• Exercise description: Omit every picture and write out the rest of the records exactly.
── Data listing ──
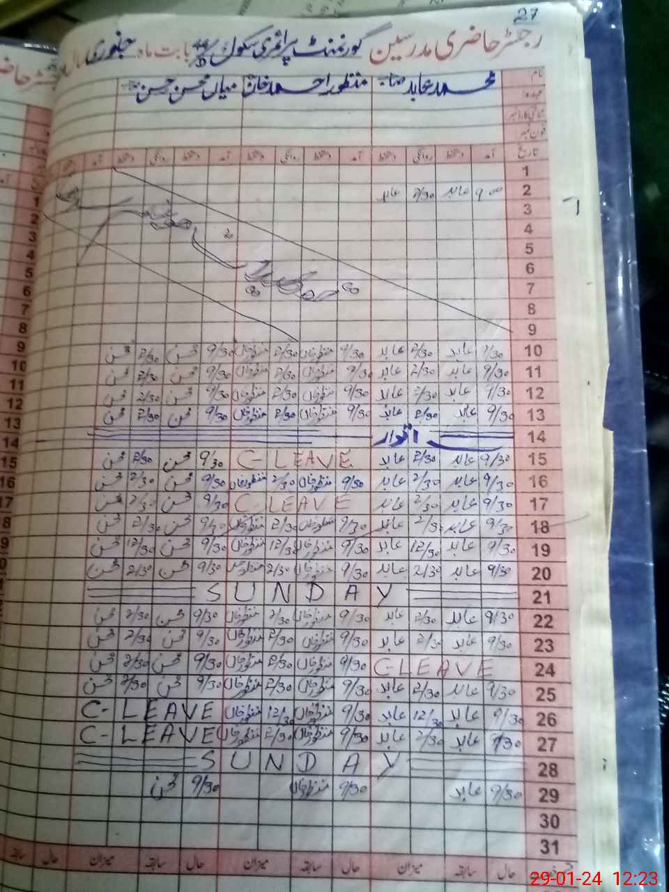 | CNIC | Full Name | Designation | R/C | Absence During Last Calender Month |
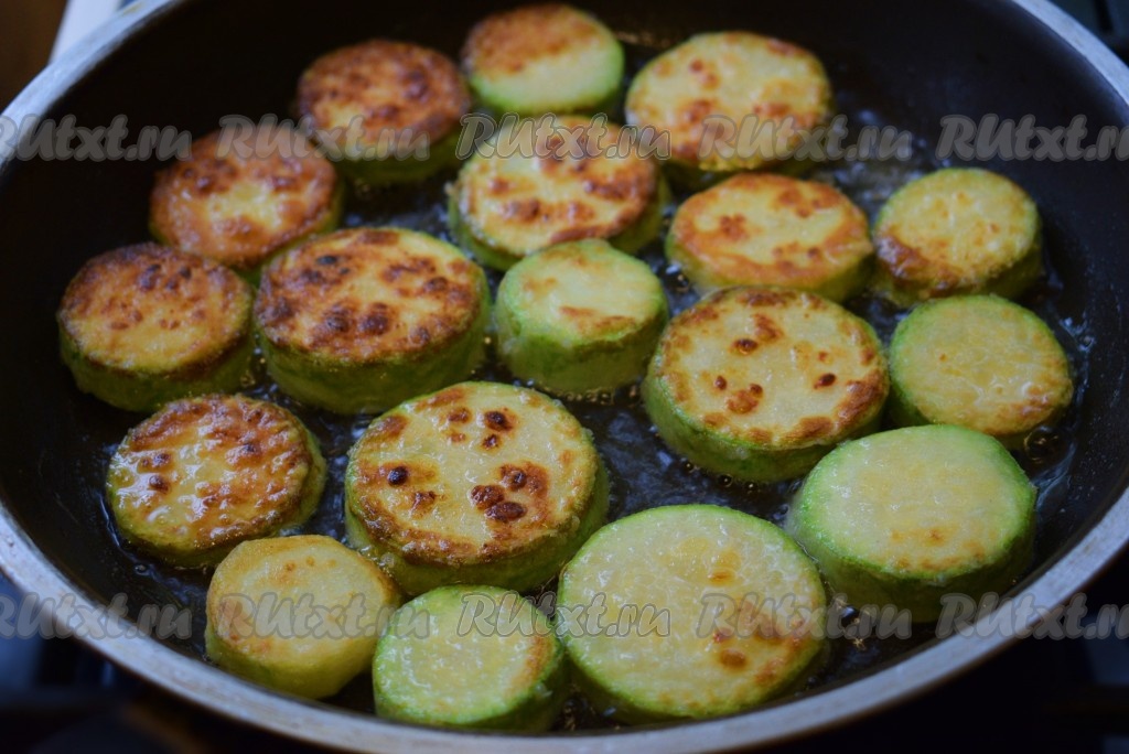 Жарить кабачки на среднем огне с двух сторон до румяной корочки (примерно по 3 минуты с каждой стороны).
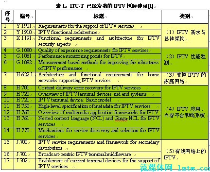 IPTV Forum)、日本IPTV論壇(IPTV FORUM JAPAN)等。ITU-T作為信息通信行業(yè)標(biāo)準(zhǔn)化的官方組織,自2006年就啟動(dòng)了相關(guān)工作,除了自身完成了多項(xiàng)核心國際標(biāo)準(zhǔn)(國際建議)外,還在協(xié)調(diào)全球標(biāo)準(zhǔn)化活動(dòng)方面發(fā)揮了重要作用。
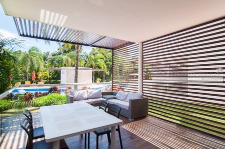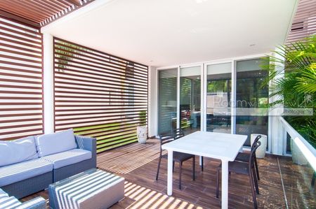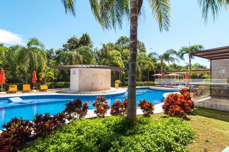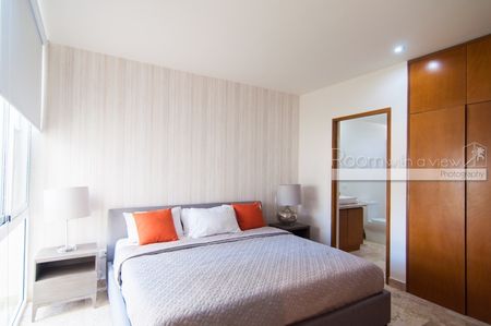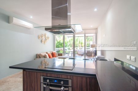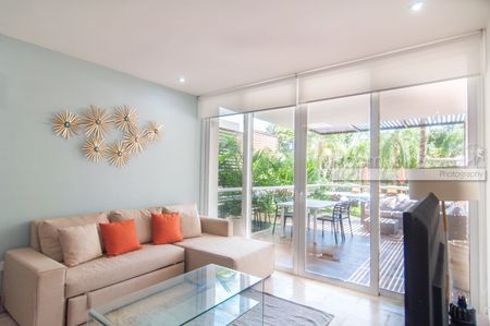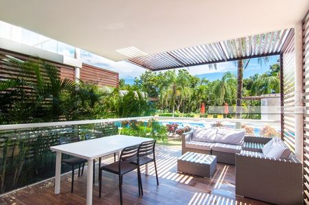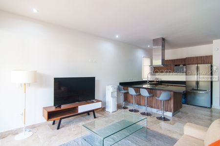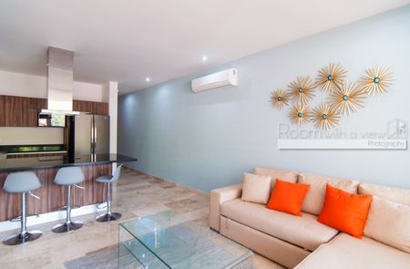 Este departamento luminoso y moderno de 2 recámaras y 2 baños en planta baja cuenta con 127 m2 de construcción. Tiene una hermosa cocina moderna con barra para desayunos y electrodomésticos de primera calidad que incluyen refrigerador, lavaplatos, microondas, horno y estufa con campana. La distribuciñon es abierta con la cocina y la sala que se abren a una terraza de buen tamaño con vistas a la alberca y al jardín, perfecta para tomar su café y desayuno por la mañana. Este departamento está muy bien mantenido con pisos de loza y acabados de primera calidad. Viene equipado con todas las comodidades que puede esperar, incluyendo aire acondicionado y centro de lavado.
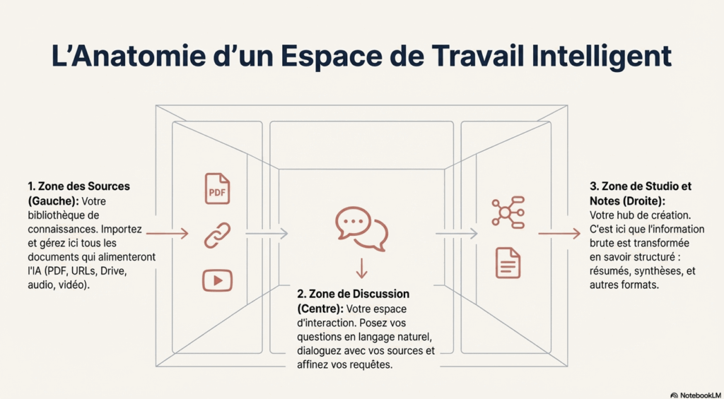 L’interface de Google NotebookLM est divisée en trois zones principales, facilitant l’organisation des informations et l’interaction avec l’IA :
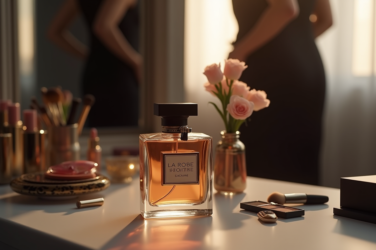 Le flacon, avec sa silhouette en forme de cœur inversé et son bouchon en forme de parapluie noir, évoque la sophistication et le mystère. Cette esthétique raffinée est le fruit d’un travail minutieux, visant à capturer l’essence même de la petite robe noire.
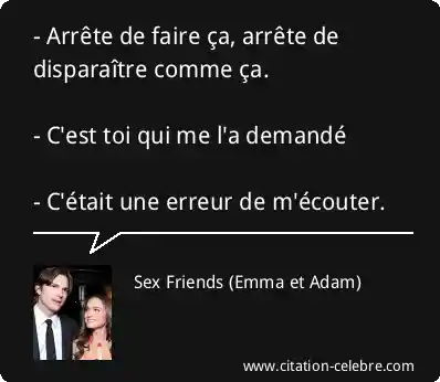 - Arrête de faire ça, arrête de disparaître comme ça. - C'est toi qui me l'a demandé - C'était une erreur de m'écouter.
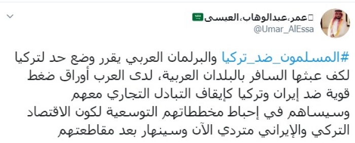 وكتب عبر تغريدة له على "تويتر" رصدها " المشهد العربي": "المسلمون ضد تركيا والبرلمان العربي يقرر وضع حد لتركيا لكف عبثها السافر بالبلدان العربية، لدى العرب أوراق ضغط قوية ضد إيران وتركيا كإيقاف التبادل التجاري معهم وسيساهم في إحباط مخططاتهم التوسعية لكون الاقتصاد التركي والإيراني متردي الآن وسينهار بعد مقاطعتهم".
───
• Exercise output:
 | CNIC | Full Name | Designation | R/C | Absence During Last Calender Month |
 Жарить кабачки на среднем огне с двух сторон до румяной корочки (примерно по 3 минуты с каждой стороны).
 IPTV Forum)、日本IPTV論壇(IPTV FORUM JAPAN)等。ITU-T作為信息通信行業(yè)標(biāo)準(zhǔn)化的官方組織,自2006年就啟動(dòng)了相關(guān)工作,除了自身完成了多項(xiàng)核心國際標(biāo)準(zhǔn)(國際建議)外,還在協(xié)調(diào)全球標(biāo)準(zhǔn)化活動(dòng)方面發(fā)揮了重要作用。
 Este departamento luminoso y moderno de 2 recámaras y 2 baños en planta baja cuenta con 127 m2 de construcción. Tiene una hermosa cocina moderna con barra para desayunos y electrodomésticos de primera calidad que incluyen refrigerador, lavaplatos, microondas, horno y estufa con campana. La distribuciñon es abierta con la cocina y la sala que se abren a una terraza de buen tamaño con vistas a la alberca y al jardín, perfecta para tomar su café y desayuno por la mañana. Este departamento está muy bien mantenido con pisos de loza y acabados de primera calidad. Viene equipado con todas las comodidades que puede esperar, incluyendo aire acondicionado y centro de lavado.
 L’interface de Google NotebookLM est divisée en trois zones principales, facilitant l’organisation des informations et l’interaction avec l’IA :
 Le flacon, avec sa silhouette en forme de cœur inversé et son bouchon en forme de parapluie noir, évoque la sophistication et le mystère. Cette esthétique raffinée est le fruit d’un travail minutieux, visant à capturer l’essence même de la petite robe noire.
 - Arrête de faire ça, arrête de disparaître comme ça. - C'est toi qui me l'a demandé - C'était une erreur de m'écouter.
 وكتب عبر تغريدة له على "تويتر" رصدها " المشهد العربي": "المسلمون ضد تركيا والبرلمان العربي يقرر وضع حد لتركيا لكف عبثها السافر بالبلدان العربية، لدى العرب أوراق ضغط قوية ضد إيران وتركيا كإيقاف التبادل التجاري معهم وسيساهم في إحباط مخططاتهم التوسعية لكون الاقتصاد التركي والإيراني متردي الآن وسينهار بعد مقاطعتهم".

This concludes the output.